▶ _DATA BLOCK_
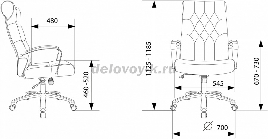 Высота с подлокотниками MIN 670
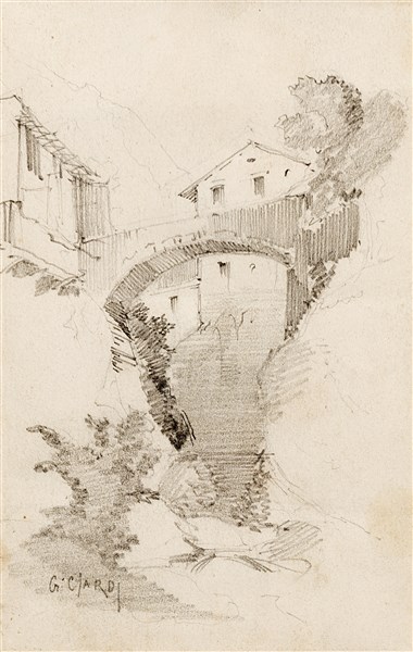 Quattro disegni in tre cornici: uno raffigurante veduta di borgo a matita nera (mm 68x107 circa); uno raffigurante veduta di paese con ponte a matita nera, firmato "G. Ciardi", con al verso studio di figura femminile stante (mm 142x89 circa); uno raffigurante studi di signora seduta a matita nera, con al verso studio di figura femminile (mm 142x88 circa); uno raffigurante studi di occhi e bocca a matita nera, con al verso figura di ecclesiastico stante a penna e acquerello, firmato in basso "G. Ciardi" (mm 142x88 circa)
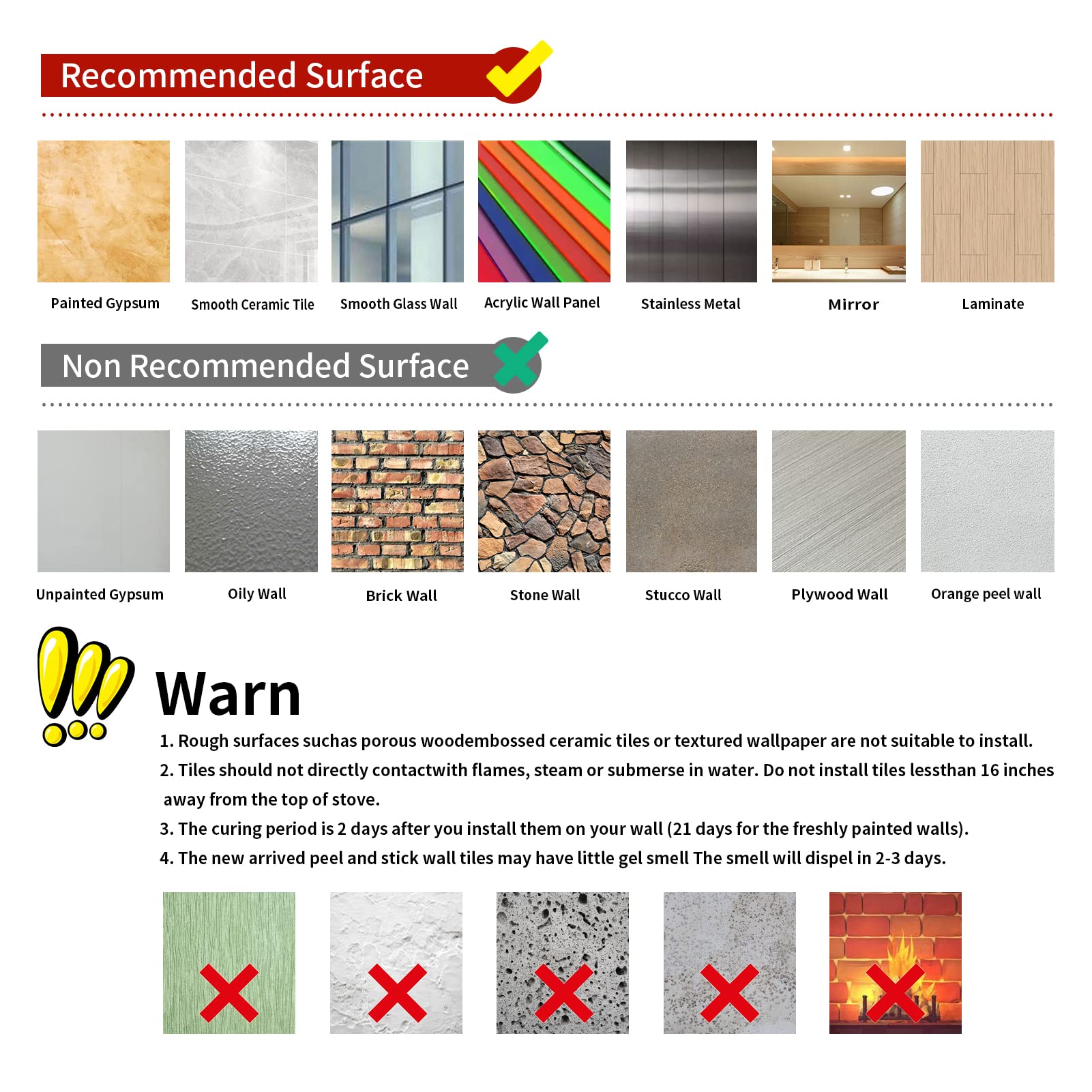 - 3:Material And AdvantagesEnvironmentally friendly vinyl material, The quality is better than most brands, strong adhesion, non-toxic, waterproof and oil-proof, easy to remove, will not leave any debris, will not damage the wall, and will not fade.Our advantage is that the pattern will not have color difference, other brands on the market have serious color difference, and the quality is very poor.

▶ _WORK REQUIRED_
Copy out every line of the data above, taking care to leave the pictures out.

▶ _EXERCISE RESPONSE_
 Высота с подлокотниками MIN 670
 Quattro disegni in tre cornici: uno raffigurante veduta di borgo a matita nera (mm 68x107 circa); uno raffigurante veduta di paese con ponte a matita nera, firmato "G. Ciardi", con al verso studio di figura femminile stante (mm 142x89 circa); uno raffigurante studi di signora seduta a matita nera, con al verso studio di figura femminile (mm 142x88 circa); uno raffigurante studi di occhi e bocca a matita nera, con al verso figura di ecclesiastico stante a penna e acquerello, firmato in basso "G. Ciardi" (mm 142x88 circa)
 - 3:Material And AdvantagesEnvironmentally friendly vinyl material, The quality is better than most brands, strong adhesion, non-toxic, waterproof and oil-proof, easy to remove, will not leave any debris, will not damage the wall, and will not fade.Our advantage is that the pattern will not have color difference, other brands on the market have serious color difference, and the quality is very poor.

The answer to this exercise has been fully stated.